How resilient are you?
The Scenario: You are a Sergeant in your organization and find out one of the patrol officers who was involved in a previous use of force complaint is now the subject of a lawsuit. You are the person who oversees defensive tactics in your agency and you responsible for the proper training and development of officers.
An investigation into the use of force is launched and before you know it you are the target of an internal investigation that centers around the training you provide officers. After the dust settles, it is determined that the officer and you are at fault. The officer is at fault for using excessive force and you at fault for not training and developing the officer properly. The officer is written up, assigned remedial training and is placed back on probation. You are written up and stripped of your rank.

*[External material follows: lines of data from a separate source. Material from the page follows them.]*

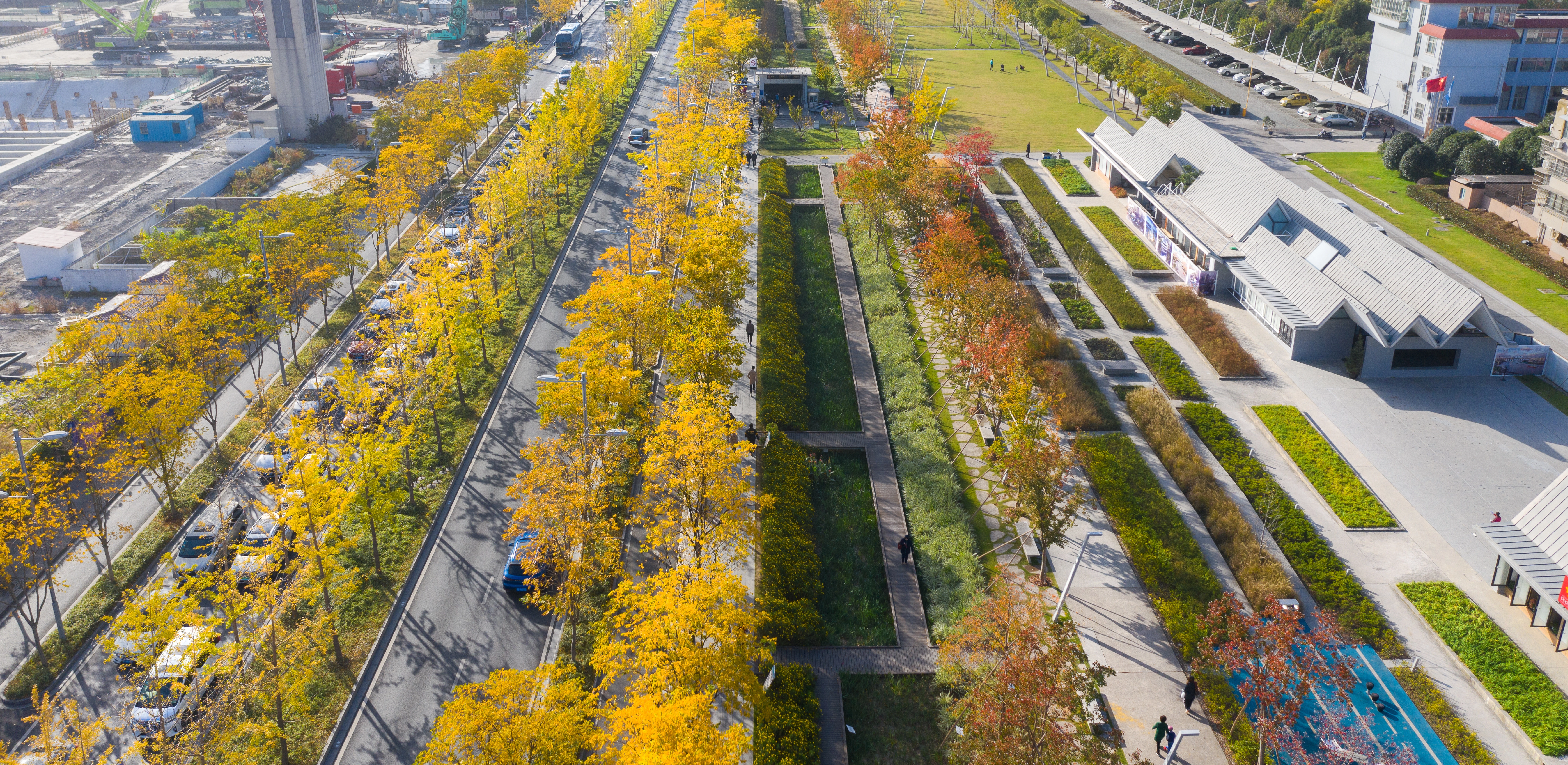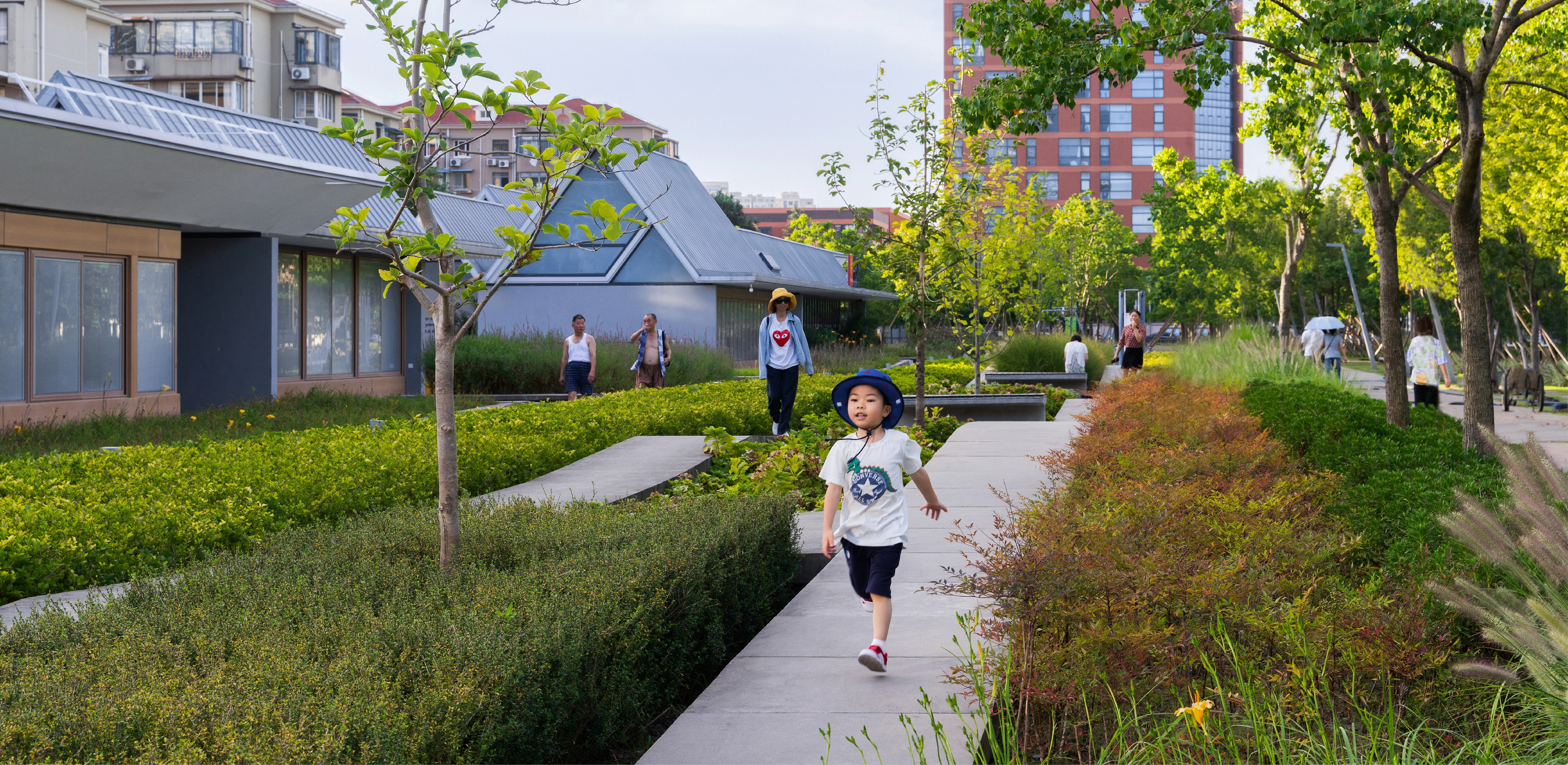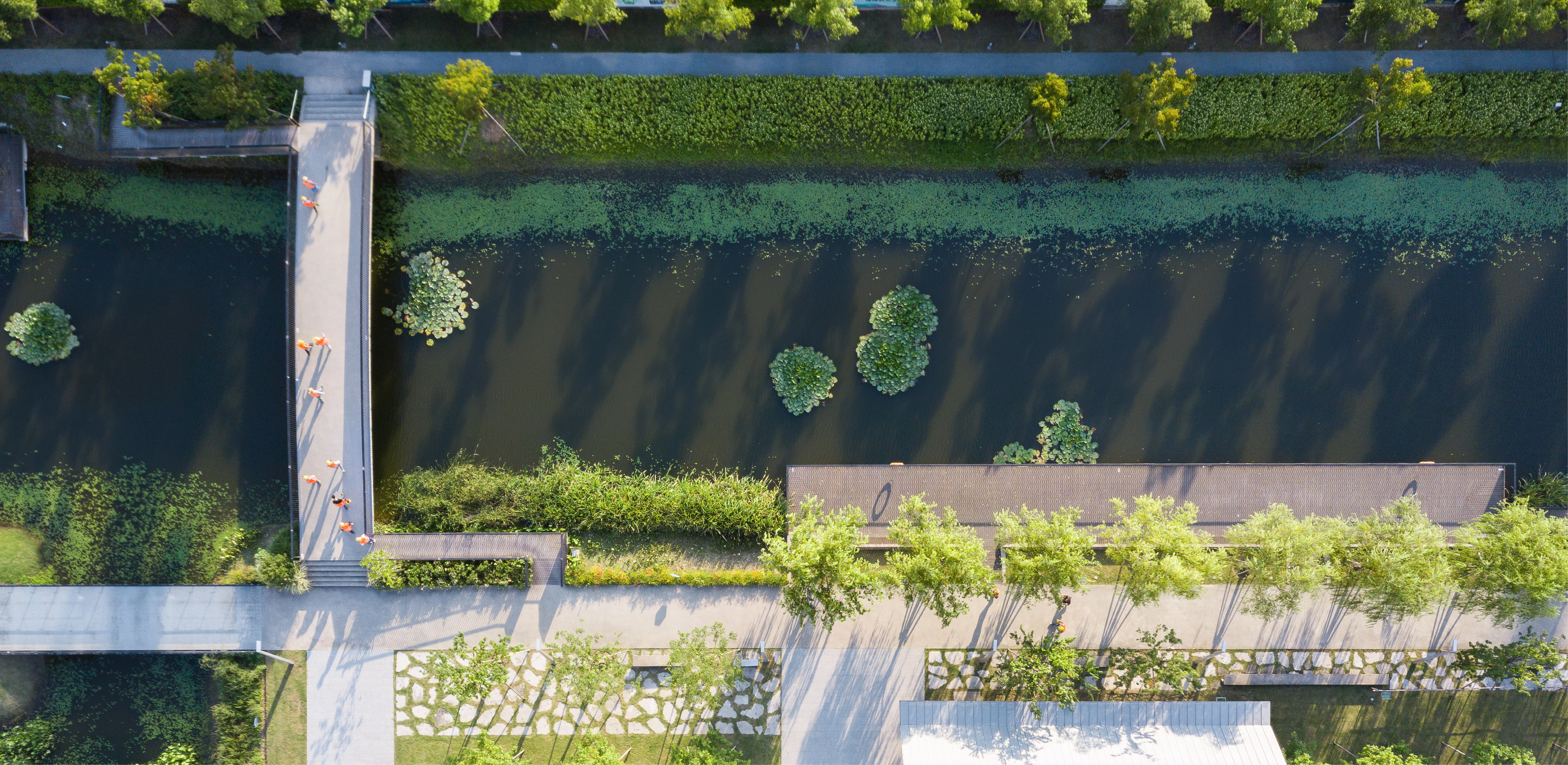 In rapidly developing Shanghai, a former airport runway becomes a linear park between high-rises, redistributed through careful interventions as runways not for planes but for trains, automobiles, bicycles, and people—done at scale with both intimate and expansive spaces. A linear waterway introduces marine wildlife into the park, also providing rainwater relief and flooding mitigation. Allées of ginkgos and trident maples reinforce the site’s linearity, which serves as connective tissue between residents of this growing neighborhood and the rest of the city.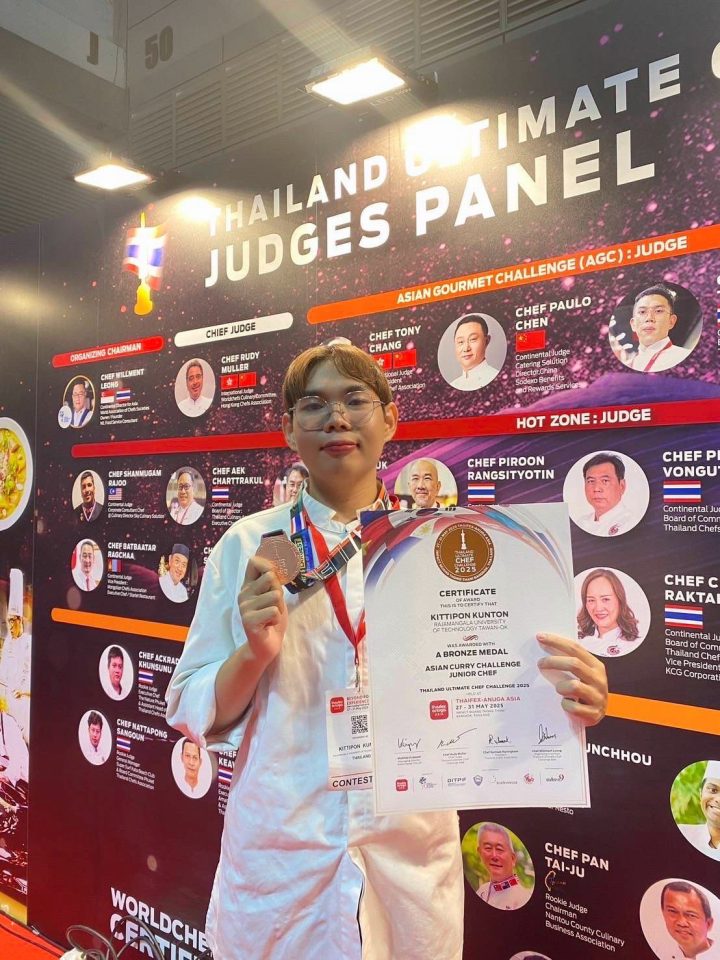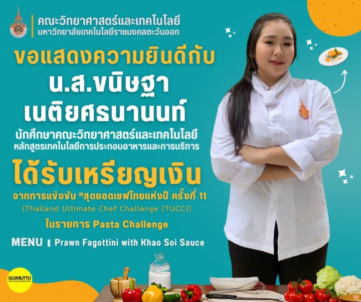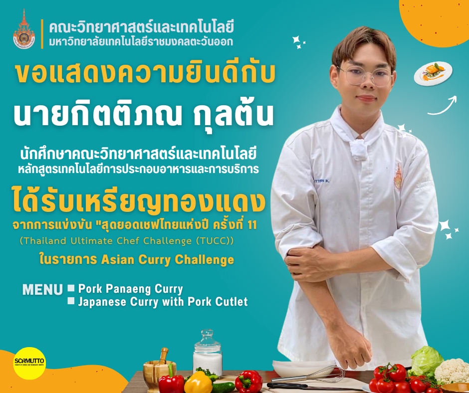 สาขาวิชาพัฒนาผลิตภัณฑ์อุตสาหกรรมเกษตร คณะวิทยาศาสตร์และเทคโนโลยี มทร.ตะวันออก ส่งนักศึกษาหลักสูตรเทคโนโลยีการประกอบอาหารและการบริการเข้าร่วมแข่งขัน 2 ราย โดยสามารถคว้ารางวัลจากเวทีระดับประเทศ ดังนี้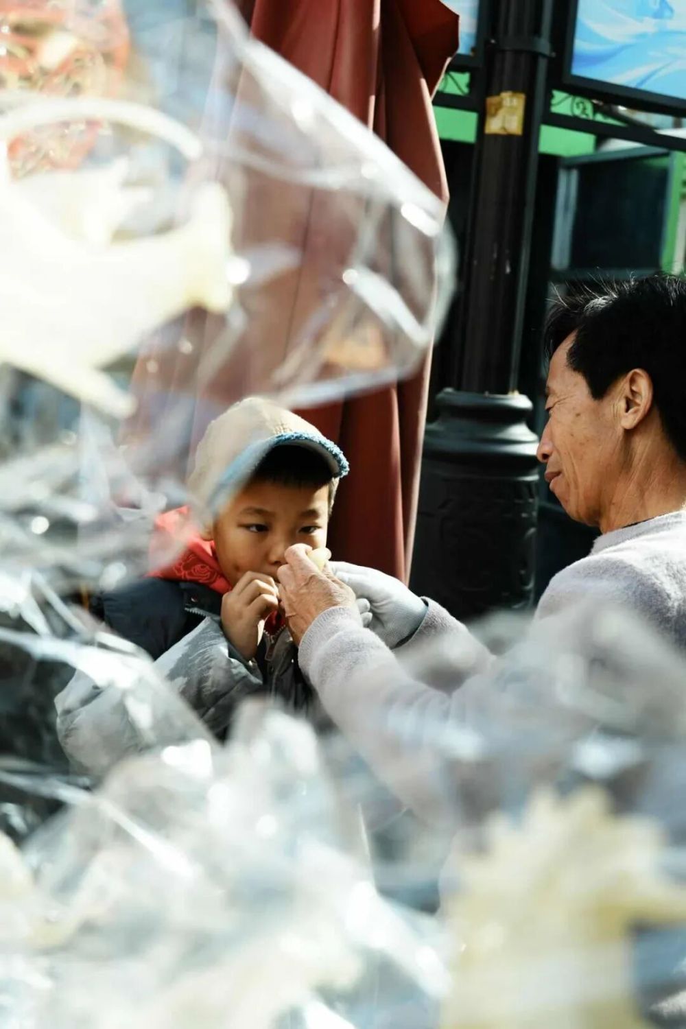 在天津,吹糖人的匠人在指導(dǎo)小孩兒。那一刻,陽光正好,我看到匠人滿眼溫柔地望著小孩兒,冬日的溫馨在此具象化。@x

So how do you react? Are you angry and disappointed? Do you complain to anyone who will listen? Feel dejected and victimized?
Whatever your initial reaction is, however, your challenge now is to turn a negative experience into a productive one. This means that you need to counter the adversity you face with resilience.
What is resilience? Merriam Webster defines it as “The ability to recover from and adjust easily from misfortune or change.”
This is often harder to do than it sounds for many reasons. Fear and anger can, and often does, cripple us when we face a setback personally, professionally or both. As humans, we tend to blame others for our misfortunes which just compounds the problem and creates inertia. To make matters worse, the people we often turn to for advice, our family and friends, oftentimes give us the wrong advice.
The two biggest ways you can build more resiliency in your life is by accepting responsibility for the roadblocks and obstacles in your life, and by recognizing how you look at adversity in general.
When you take personal responsibility for your mistakes you are taking the power away from someone else who might use your inability to take responsibility against you down the road. Trust me, someone will always use that against you. After over two decades in law enforcement and after making my fair share of mistakes in my career I always fared better when I took responsibility for my mistakes and errors in judgement.
Now I know what some of you are thinking. Why should I take responsibility if I get into a fender bender and it wasn’t may fault? I am not taking about situations like this, but I am talking about situations where you could have done something better or different, to improve the outcome.
Adversity is nothing to fear, but so many of us do. Most of us don’t realize that in order to grow and learn we must face, and more importantly, overcome adversity. But’s that’s not how most of us were conditioned growing up. I know I wasn’t. We were conditioned that adversity and failure were to be avoided at all costs. That advice is such a disservice.
We don’t learn from being perfect. We learn from our mistakes.
When you become more resilient, your attitude improves, your relationships improve, your overall health improves, and your confidence builds.
Make a point to become more resilient today and become a happier and better you.